The good news is Scylla supports both local and global secondary indexes. You can apply both on a column to run your queries as narrow or as broad as you wish.
Change Data Capture
Change Data Capture, or CDC, is one of the most dramatic differences between Cassandra and Scylla. Cassandra implements CDC as a commitlog-like structure. Each node gets a CDC log, and then, when you want to query them, you have to take these structures off-box, combine them and dedupe them.
Think about the design decisions that went into Scylla’s CDC implementation. First, it uses a CDC table that resides on the same node as the base table data, shadowing any changes to those partitions. Those CDC tables are then queryable using standard CQL.
This means the results you get are already going to be deduped for you. There’s no log merges necessary. You get a stream of data, whether that includes the diffs, the pre-images, and/or the post-images. You can consume it however you want.
We also have a TTL set on the CDC tables so they don’t grow unbounded over time.
This made it very easy for us to implement a Kafka CDC Source Connector based on Debezium. It simply consumes the data from the CDC tables using CQL and pumps it out to Kafka topics. This makes it very easy to integrate Scylla into your event streaming architecture. No muss, no fuss. You can also read more about how we built our CDC Kafka connector using Debezium.
Zero Copy Streaming vs. Row-level Repair
Here’s another example of a point of departure. Cassandra historically had problems with streaming SSTables. This can be important when you are doing topology changes and you need to bring up or down nodes and rebalance your cluster. Zero copy streaming means you can take a whole SSTable — all of its partitions — and copy it over to another node without breaking an SSTable into objects, which creates unnecessary garbage that then needs to be collected. It also avoids bringing data into userspace on the transmitting and receiving nodes. Ideally this was to get you closer to hardware IO bounds.
Scylla, however, has already radically changed how it was going to do internode copying. We used row-level repairs instead of standard streaming methodology. This was more robust, allowing mid-point stops and restarts of transfers, was more granular — meaning you were only sending the needed rows instead of the entire table — and more efficient overall.
So these are fundamentally different ways to solve a problem. You can read how these different designs impacted topology change performance in our comparison of Cassandra 4.0 vs. Scylla 4.4.

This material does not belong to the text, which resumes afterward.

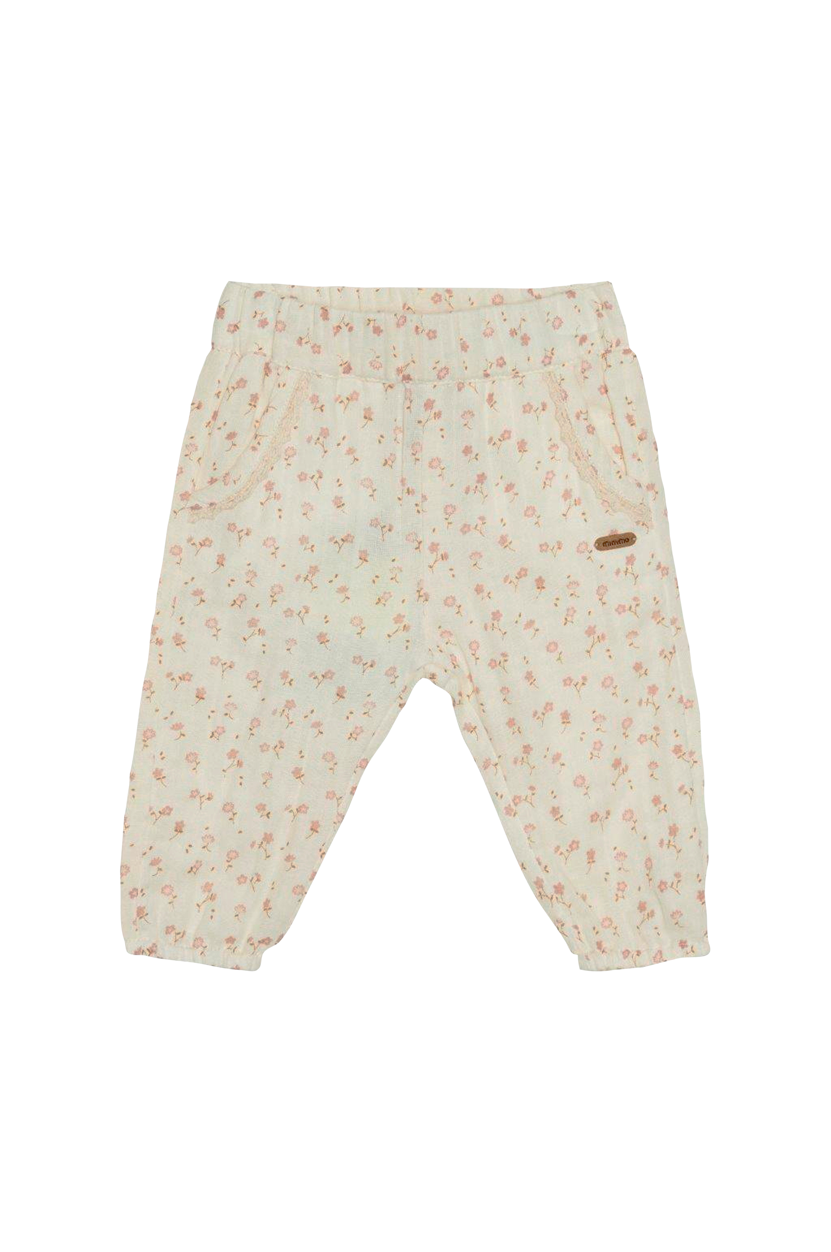 Byxor i vävd, mjuk bomullskvalitet med tryckt blommönster. Elastisk midja. Två fickor fram med spetskanter. Resår i ärmsluten.

Async Messaging: Netty vs. AIO
Netty Async Messaging, new in Cassandra 4.0, is a good thing. Any way to avoid blocking and bottlenecking operations is awesome. Also, the way it does thread pools meant you weren’t setting a fixed number of threads per peer, which could mismatch actual real-world requirements.
Scylla has always believed in non-blocking IO. It is famous for its “async everywhere” C++ architecture. Plus, the shard-per-core design meant that you were minimizing inter-core communications as much as possible in the first place.

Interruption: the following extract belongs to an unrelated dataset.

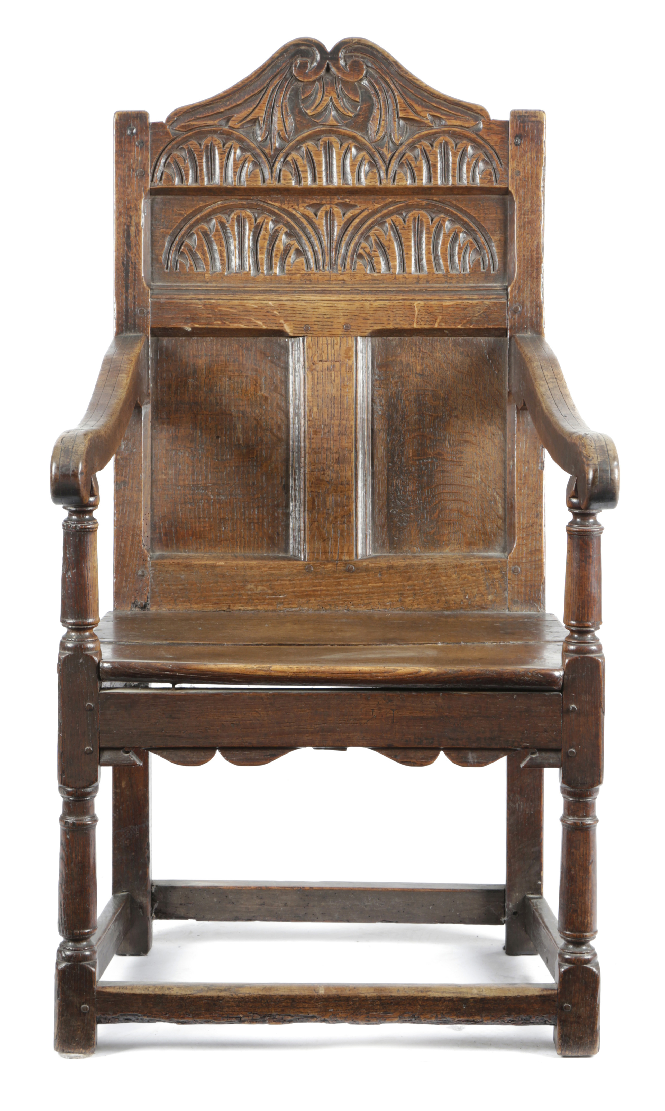 A CHARLES II OAK PANELLED BACK ARMCHAIR

Again, these were good things. But for Cassandra async design was an evolutionary realization they wove into their existing design, whereas for Scylla it was a Day One design decision, which we’ve improved upon a lot since. You can read more about what we’ve learned over six years of IO scheduling.
In summation, both databases are sort of doing the same thing, but in very different ways.
For Scylla, we have our own Scylla Operator.
So yes, Kubernetes is available for both. But each operator is purpose-built for each respective database.
What’s Just Totally Different?
Now let’s look at things that are just simply… different. From fundamental design decisions to implementation philosophies to even the vision of what these database platforms are and can do.
A critical Day One decision for Scylla was to build a highly distributed database upon a shared-nothing, shard-per-core architecture — the Seastar framework.
Scale it up, or scale it out, or both. Scylla is a “greedy system,” and is designed to make maximum utilization out of all the hardware you can throw at it.
Because of this, Scylla can take advantage of any size server. 100 cores per server? Sure. 1,000 cores? Don’t laugh. I know of a company working on a 2,000 core system. Such hyperscale servers will be available before you know it.
In comparison, Cassandra shards per node. Not per core. It also gets relatively low utilization out of the system it’s running in. That’s just the nature of a JVM — it doesn’t permit you knowledge of or control over the underlying hardware. This is why people seek to run multi-tenant in the box — to utilize all those cycles that Cassandra can’t harness.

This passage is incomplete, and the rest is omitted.